Thursday, September 29, 2016

New Hatch Glass!

[Kyle]On our last week in Jack London Square, it really would have been nice to be able to sit back and enjoy a last dose of the place before we left. There were too many jobs left to do, so it ended up being a pretty busy week.

The main task we wanted to complete was replacing the plexiglass on all of our hatches. They were all pretty badly crazed from spending years in the sun, so they were all pretty hard to see through. We had initially fantasized about replacing all of our hatches, but once we priced that up, we decided to go for the much more economical and less invasive hatch refurbishment.

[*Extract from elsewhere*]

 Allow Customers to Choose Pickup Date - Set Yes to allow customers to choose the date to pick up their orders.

The work was broken down into basically three steps:

The first was to get the hatches apart so that we could even access the lenses. The covers are connected to the frames with a friction hinge. All of our old hinges were so worn and stiff that they had to be pounded out in pieces using equal parts hammering and swearing. It took me a whole day to free the first one. Experience got the last one off in an hour. I can still swear a LOT in an hour.


We have 11 hatches overall - 5 small and 6 large ones

Step two was getting the old lenses out. Like our big wrap-around windows, the only way to do this was to cut and pry them out. Luckily, we had all of the tools we had used for the job on the big windows, so that wasn't too hard. The real pain was removing every speck of the old silicone from the frames. We would cut as much off as we could with razor blades. The rest had to be laboriously removed with wire brushes. Our six big hatches took about three hours each, the five little ones were each about an hour.

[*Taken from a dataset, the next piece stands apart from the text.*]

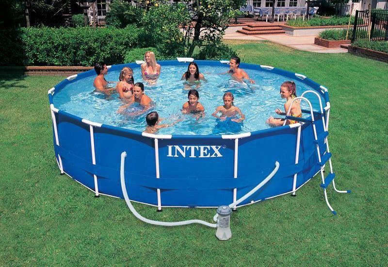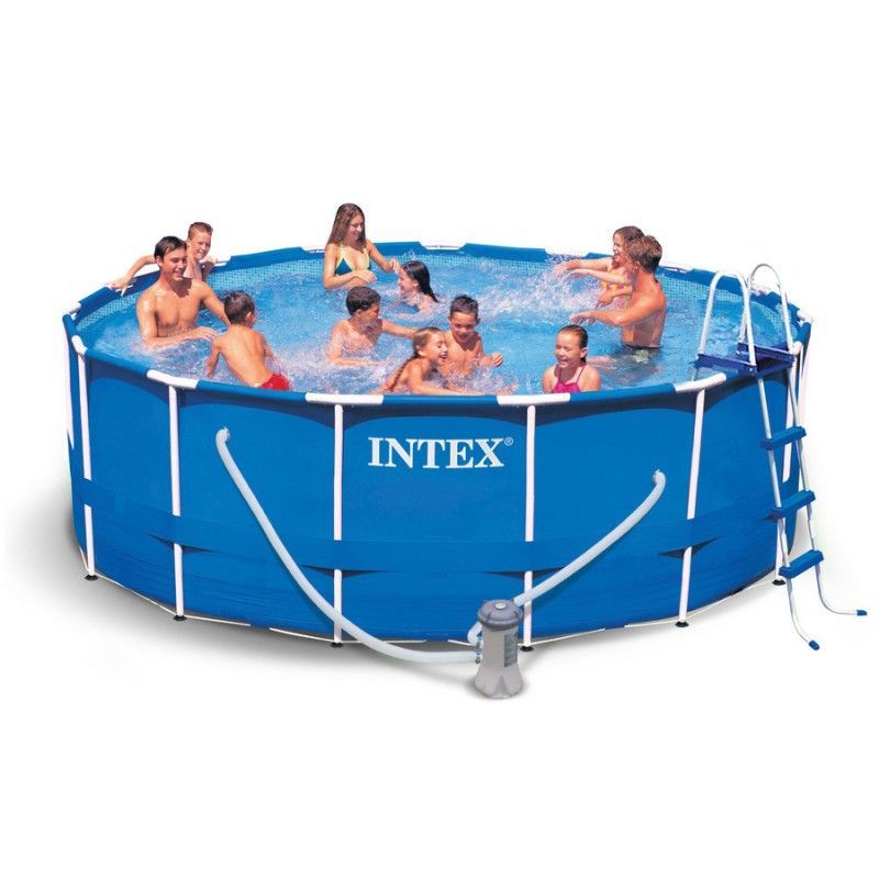 Сборно-разборный круглый каркасный бассейн Intex 28234 457х107см. серии Metal Frame с фильтр-насосом, лестницей, подстилкой и тентом.

Once those were all off, we had eleven big holes in the boat that would have to be plugged before we could leave Begonia unattended or before it rained. Caulking and putting the new ones in only took a few hours. We let everything set overnight and in the morning, we removed the tape and the protective covering.

It was AMAZING! Afterwards, when I would look at one of them, I kept thinking I forgot one. Nope, it was just clean.

In the middle of all of the work, we had guests and visitors, who were trying to get in one last visit before we sailed off of the planet. It was nice to have an excuse to pause the work for a bit.